Description: A subring is a subgroup. (Contributed by AV, 14-Feb-2025.)

Assertion

Ref	Expression
subrngsubg	⊢ (𝐴 ∈ (SubRng‘𝑅) → 𝐴 ∈ (SubGrp‘𝑅))
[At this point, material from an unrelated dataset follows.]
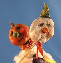 I will miss pumpkin witchie. She is soon going to a new home. Here is a picture of her. She will be joined by frog prince ornament. I so appreciate this customer who has purchased several of my works.
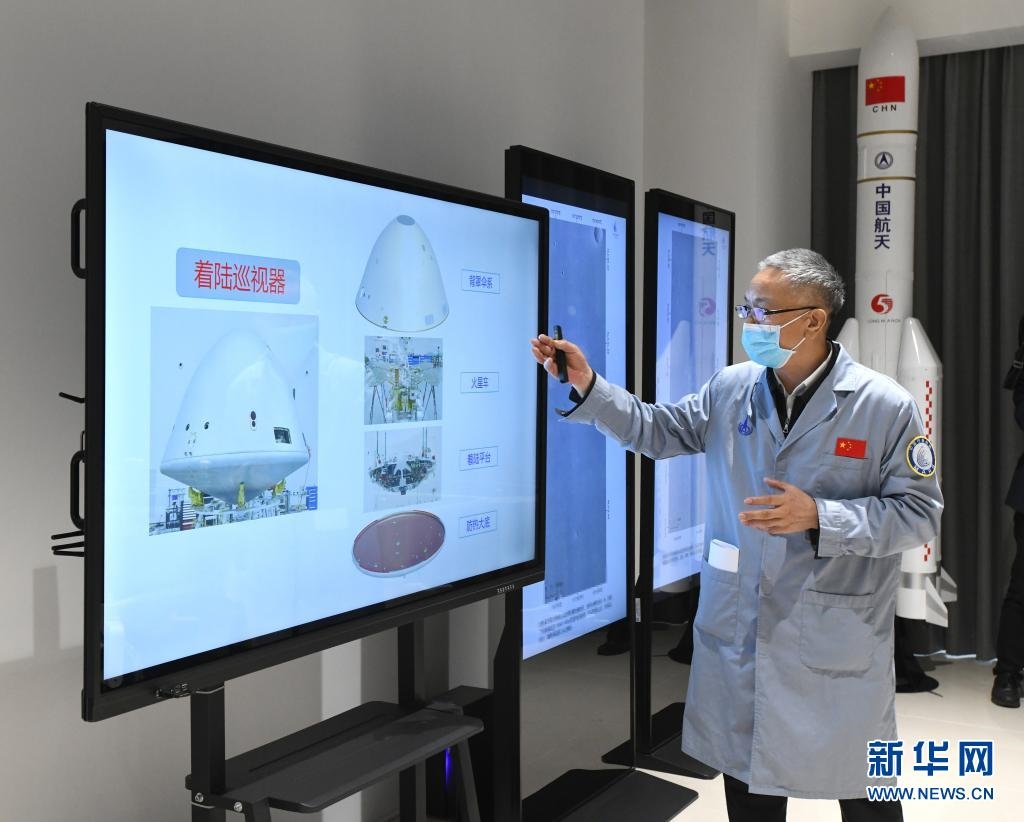 2021年5月15日,中國(guó)首次火星探測(cè)任務(wù)工程總設(shè)計(jì)師張榮橋介紹著陸巡視器有關(guān)情況。新華社記者 饒愛民 攝

Proof of Theorem subrngsubg

Step	Hyp	Ref	Expression
1		subrngrcl 20568	. . 3 ⊢ (𝐴 ∈ (SubRng‘𝑅) → 𝑅 ∈ Rng)
2		rnggrp 20176	. . 3 ⊢ (𝑅 ∈ Rng → 𝑅 ∈ Grp)
3	1, 2	syl 17	. 2 ⊢ (𝐴 ∈ (SubRng‘𝑅) → 𝑅 ∈ Grp)
4		eqid 2735	. . 3 ⊢ (Base‘𝑅) = (Base‘𝑅)
5	4	subrngss 20565	. 2 ⊢ (𝐴 ∈ (SubRng‘𝑅) → 𝐴 ⊆ (Base‘𝑅))
6		eqid 2735	. . . 4 ⊢ (𝑅 ↾s 𝐴) = (𝑅 ↾s 𝐴)
7	6	subrngrng 20567	. . 3 ⊢ (𝐴 ∈ (SubRng‘𝑅) → (𝑅 ↾s 𝐴) ∈ Rng)
8		rnggrp 20176	. . 3 ⊢ ((𝑅 ↾s 𝐴) ∈ Rng → (𝑅 ↾s 𝐴) ∈ Grp)
9	7, 8	syl 17	. 2 ⊢ (𝐴 ∈ (SubRng‘𝑅) → (𝑅 ↾s 𝐴) ∈ Grp)
10	4	issubg 19157	. 2 ⊢ (𝐴 ∈ (SubGrp‘𝑅) ↔ (𝑅 ∈ Grp ∧ 𝐴 ⊆ (Base‘𝑅) ∧ (𝑅 ↾s 𝐴) ∈ Grp))
11	3, 5, 9, 10	syl3anbrc 1342	1 ⊢ (𝐴 ∈ (SubRng‘𝑅) → 𝐴 ∈ (SubGrp‘𝑅))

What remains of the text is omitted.